Manic Mondays - Changing a winning team
Tuesday, 18th Sep 2007 16:29
Due to the re-scheduling of this week’s game for Sky purposes I thought I’d turn my attention to the national picture for one week only.
There’s plenty of spurious links between England’s last two performances and the game against the Toon Army. Fortunately Michael Owen didn't add to his recent tally, as I’m sure all the newspapers was expecting. Sam Allardyce may well have been the man at the helm of the national side under different circumstances. And the man currently in charge of England has a long-standing Rams connection.
One of the main talking points after the Israel game was whether McClaren would change a winning side after gambling so effectively on Heskey, Barry and Wright-Phillips.
However what should McClaren do next? We have a vital home match against Estonia in October before what could be the most crucial game of the group away to Russia. If Rooney, Lampard, Hargreaves and Beckham are fit, what should McClaren do then?
Not changing a winning side is the easiest option to take now. If there’s a hiccup a coach can always point to the last couple of performances and say the players under-performed, everything in the build up was the same, yada, yada.
However truly great managers make the right changes at the right time for the right reasons – or is it just lucky managers that do that?
If it were me I would certainly send the same starting XI out against Estonia, if nothing else to give the returning stars a kick up the backside and show them they have to win back their place. Even an under par display should be enough to see off an already eliminated side.
It’s the game against Russia that intrigues me the most. Played in a hostile environment on a plastic surface needing to keep at bay the tricky Russian forwards what side would be best?
A lot of the praise thrown at Micah Richards has been well deserved, but I’m not completely convinced with his positioning when playing at right-back. A great centre-half he will undoubtedly be, but I believe that, if fit, it would be a good game to bring back Gary Neville.
I can hardly believe I’ve just written that, neither of the Neville brothers fill me with any great enthusiasm, but in that game, in that position, I think experience will prove to be vital.
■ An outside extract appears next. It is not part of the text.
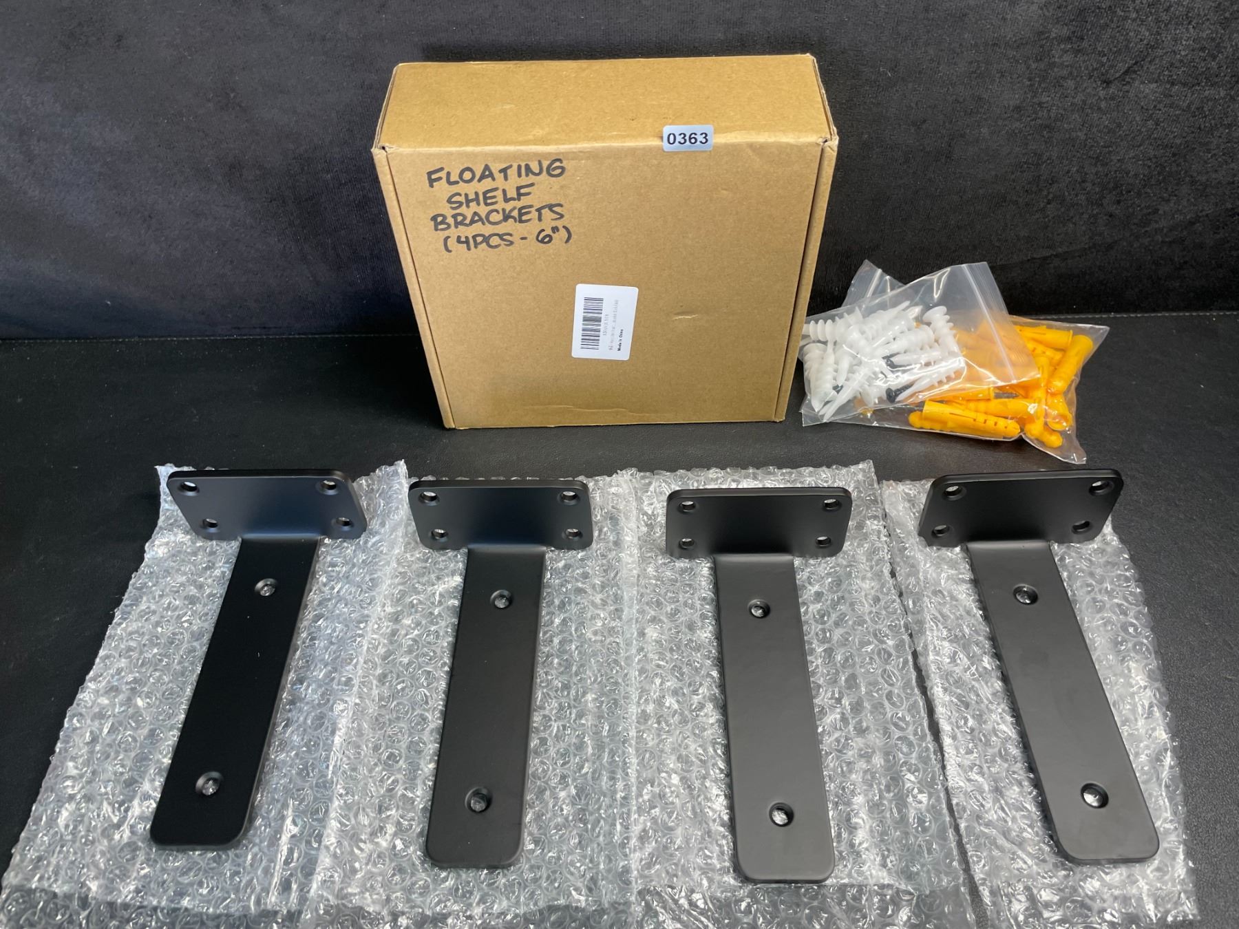 Lot 363 4PCS Heavy-Duty Floating Shelf Brackets; 6" Wall Mounted "L" Shelf Brackets (Black) New in Box

And with Neville I would also play Beckham. There is no way in a million years Beckham would have scored the goal that Wright-Phillips managed against Israel, he would never have been that far up the pitch. But in a tight away match set plays will be even more important and Beckham’s delivery along with his defensive capabilities and knowledge of playing in front of Neville should prove invaluable.
One place I would leave well alone is in the centre of midfield. Barry was, for me, the most outstanding player over the last couple of games. And he looked to combine brilliantly with Gerrard, I would certainly leave Lampard and Hargreaves on the bench.
So to the greatest dilemma, who to play up top? One change looks as though it will be required against Estonia as Heskey appears to have an injury that will keep him out of the starting line-up. The choice will probably be narrowed down to Crouch or a returning Rooney? I believe this could be the most difficult decision of the lot.
Right now my gut instinct would be to go for Crouch for both matches. I’m no big fan of the lanky striker, but picking this team is about getting the right result so we can qualify for the European Championships.
Rooney might not like it, but bringing him back for these fixtures would enforce a complete change in the way we approach the game.
He is a world class player and will certainly be a major force should we reach the final stages, but, for now, let’s keep the momentum up and maintain the big man, little man partnership.